MANAGING A COPPICED EUCALYPT FOREST

Updated: Apr 29, 2018

In Australia we really need to get back to our European roots of coppiced forest systems.


As Darren Doherty states, we push out the stump after we cut the tree, when the eucalypts coppice beautifully.

Ben Law, author of The Woodland Way, also talks about the various products that come from a coppiced forest in England.

In my travels to Morocco, I have seen quite clearly the value of coppicing, where there are eucalyptus trees coppiced about every five years for firewood, simple structures and formwork props for construction, just to name a few uses.

Eucalyptus oil that we all know so well comes from a coppice system. In my childhood my father cut and distilled eucalyptus oil in a four year coppice rotation — the same as his father and his father did, so you can see how perpetual this system is.

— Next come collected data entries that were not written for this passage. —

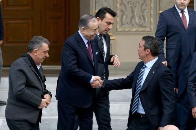 Ali Koç, Mustafa Cengiz’e, “Sayın Başkan, konuşmalarınız beni üzüyor” dedi. Bunun üzerine Cengiz de, “Ben hep senin konuşmalarından sonra cevap vermek zorunda kalıyorum. Taş hep senden geliyor. Asıl ben üzülüyorum. Size yanıt vermek zorunda kalıyorum. Sizinle ilgili sizden evvel hiç açıklamamız olmadı” yanıtını verdi. Fenerbahçe Başkanı Ali Koç, çıkışta Galatasaray Başkanı Mustafa Cengiz ile tokalaşırken, Trabzonspor Başkanı Ahmet Ağaoğlu ile de sarılarak samimi görüntüler verdi.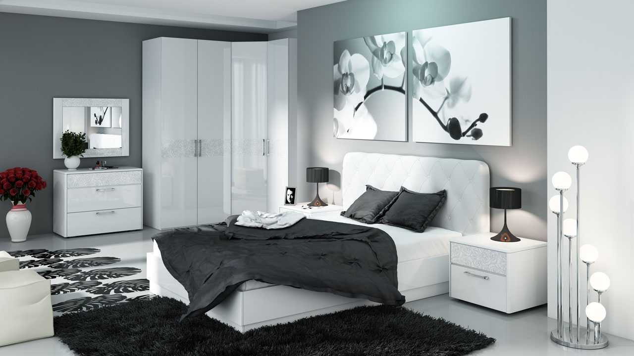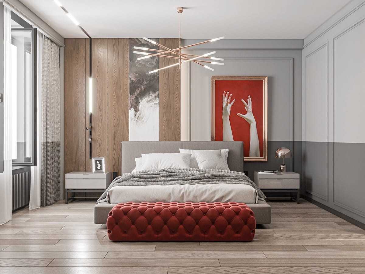 Отделка нейтральным серым цветом используется в стилях минимализм, хай-тек, лофт или модерн. Вместе с темной мебелью и четкими линиями они станут идеальным выбором спальни холостяка. Серебристые завитки на белом фоне дополнят интерьер женской комнаты. А серые обои с розовым, желтым или зеленым рисунком будут гармонично смотреться в семейной спальне.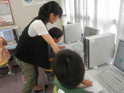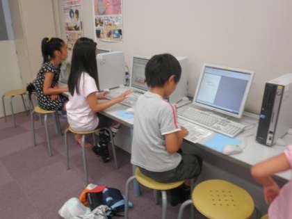 パソコン教室では、子どもたちが、カード作りやお絵かきをやっていました。1年生からゆっくりでもローマ字入力の練習をしています。かわいいカードができました。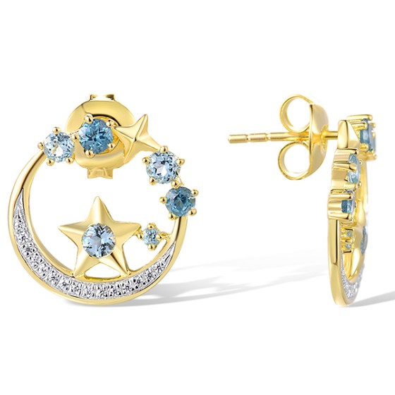14KYW Earrings Blue Topaz (Swiss Blue),Diamond,London Blue Topaz (E317465BLL14KYW)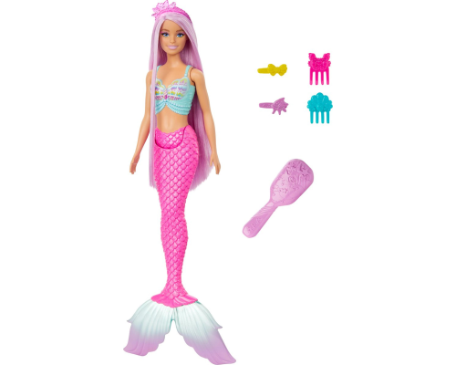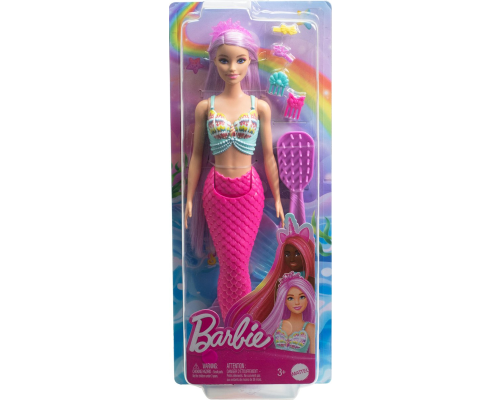 Deze fantasievolle Barbie zeemeerminpop heeft extra lang, kleurrijk roze haar. Kinderen kunnen haar haar stylen met de accessoires en het haar vervolgens borstelen voor eindeloos veel speelpret. Met de betoverende elementen, zoals een op de oceaan geïnspi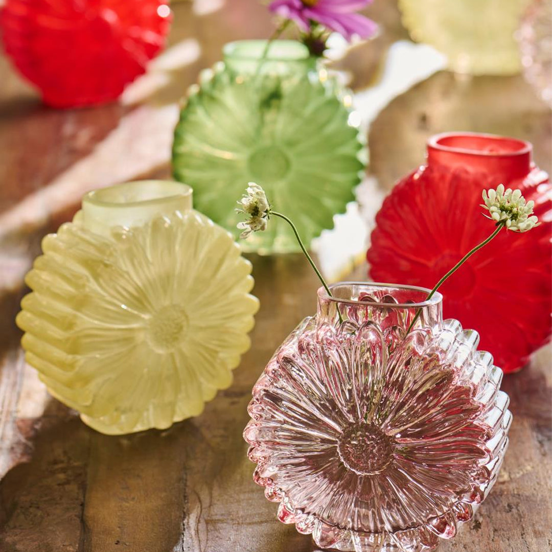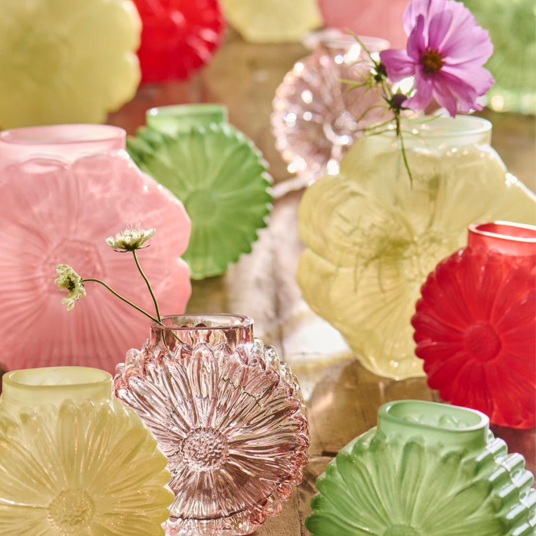 Daisy-vaserne er en frisk og legende tilføjelse til indretningen. De er fremstillet i farvet glas med en dekorativ blomsterform, der tilfører både struktur og farve til rummet.

So it is in my opinion we really need to examine this behaviour, and hopefully this article can help you get a better understanding of the value of coppicing and maintaining the structure and services of a forest while having a continuous harvest of varying products, instead of one harvest every 30+ years and clear-felling the lot, only to replant.

Of course there is the argument that coppiced trees are of a lesser quality, due to the un-proportioned root mass, making the tree grow too fast and having less density in the wood, but as any carpenter in Australia would admit, the pine from plantations we use for our home constructions is rubbish.

Note site history: My father cut mill logs off this site some 40+ years ago and my uncle cut mine props off this site some 25+ years ago. Nearly all the trees that you can see in this picture have been coppiced.




 regrowth from a coppiced tree
year old regrowth from a coppiced tree, recently pruned to a single stem.

Coppiced regrowth before pruning
Coppiced regrowth before pruning

coppiced regrowth after pruning to single stem.
After pruning to single stem. Once the main tree is removed this stem will rocket away!

I like to describe pruning as being like steering traffic — you’re just directing energy flows, choosing what to keep and favour.